Теймур Атаев
Казнить нельзя помиловать. Кто решает, где поставить запятую?
Неадекватное применение силы…Жесткость…Жестокость….
Почему? Откуда? Как они возникают, формируются, шлифуются, а иногда и поощряются даже теми, кто, вроде как, должен предотвращать их проявления?
Хорошо, допустим, для зарождения желания наказать кого-либо из-за его «неправомерных» (в восприятии наказывающего) действий есть некие «объективные» (в соответствии с его же взглядом) причины. Будь-то месть, «преподание урока» или нечто подобное, причину чего наказывающий (если можно так выразиться) обосновывает личным восприятием мира (безапелляционной убежденностью, что есть хорошо, а что — плохо).
Допустим, опять-таки, что в ком-то фигурирует непосредственно вышеописанный подход к «делу». Но ведь рядом нередко просматривается ситуация, когда жестокость (внутренняя потребность к ее осуществлению) основывается «всего лишь» на ненависти к человеку по его национальному или конфессиональному признаку.

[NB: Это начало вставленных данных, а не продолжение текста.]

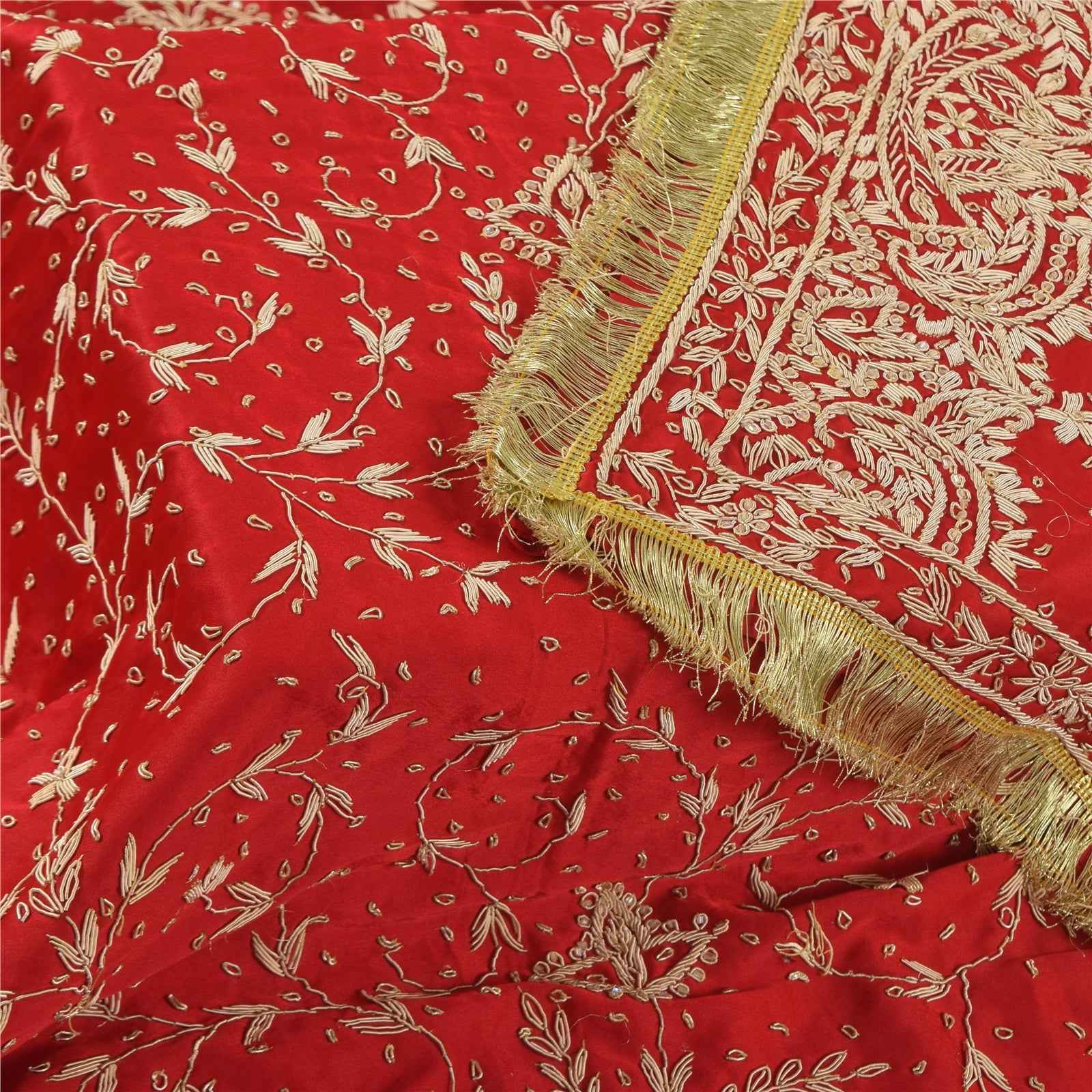 'THE ITEM COLOR OR SHADE MAY BE DARKER OR LIGHTER THAN THE PICTURE.' Beautiful Red colored Art silk hand embroidered long scarf/dupatta. Center portion of the dupatta has floral design with Zardozi work. Border has floral design embellished with metallic golden Zardozi work & white glass beads work is really enhancing beauty of the dupatta/stole. Dupatta has golden fringes lace on both ends of borders. This dupatta/stole can be used for various crafting ideas too. Use it for dress designing, as a throw, as window dressing, upholstery, table linen and much more. Let your creative juices flow. Shipping note: International buyers please note: Import duties, taxes, and charges are not included in the item price or postage cost. These charges are the buyer's responsibility. Please check with your country's customs office to determine what these additional costs will be prior to bidding or buying. Buyer will pay custom duty/tax. It is calculated and charged differently by every country. As a seller I do not have any control over it. VAT or sales tax is calculated by the platform at the time of checkout. Customs charge is payable at the time of delivery.' SKU: HD-7765

Как быть тогда, и возможно ли избежать этого? Да и религия ли несет ответственность за такое течение жизненной канвы?
Сложнейший вопрос, однако. А потому неудивительно, что Иво Андрич, отразивший в своих произведениях массу жизненных реалий, значимых и на нынешнем историческом этапе, не смог обойти эту тему. Причем проблематичность ситуации он продемонстрировал не просто через некий вымышленный сюжет, а, как просматривается, поделившись небольшим эпизодом из своей жизни (рассказ «Дети»).
Ату его!..
«Признанными атаманами на нашей улице» являлись Миле и Палика», последний из которых «по отцу был венгр». Эти ребята «вели яростную борьбу с вожаком соседнего околотка». Как в любой борьбе, — окунается в свое детство герой, от имени которого ведется рассказ, — «мы сталкивались с верностью и отвагой, сомнениями и вероломством, слезами, кровью, изменами и клятвами». Практически ежедневно «атаманы отзывали нас в сторонку по одному и напряженным, глухим голосом» спрашивали:
— Ты за меня?
В один из дней Миле и Палика «позвали меня идти с ними завтра после обеда бить евреев». Подобные «экспедиции в еврейские кварталы совершались несколько раз в год — обыкновенно по нашим или еврейским праздникам», и «никогда раньше не участвовавшему» в схожих «подвигах» была «таким образом оказана большая честь».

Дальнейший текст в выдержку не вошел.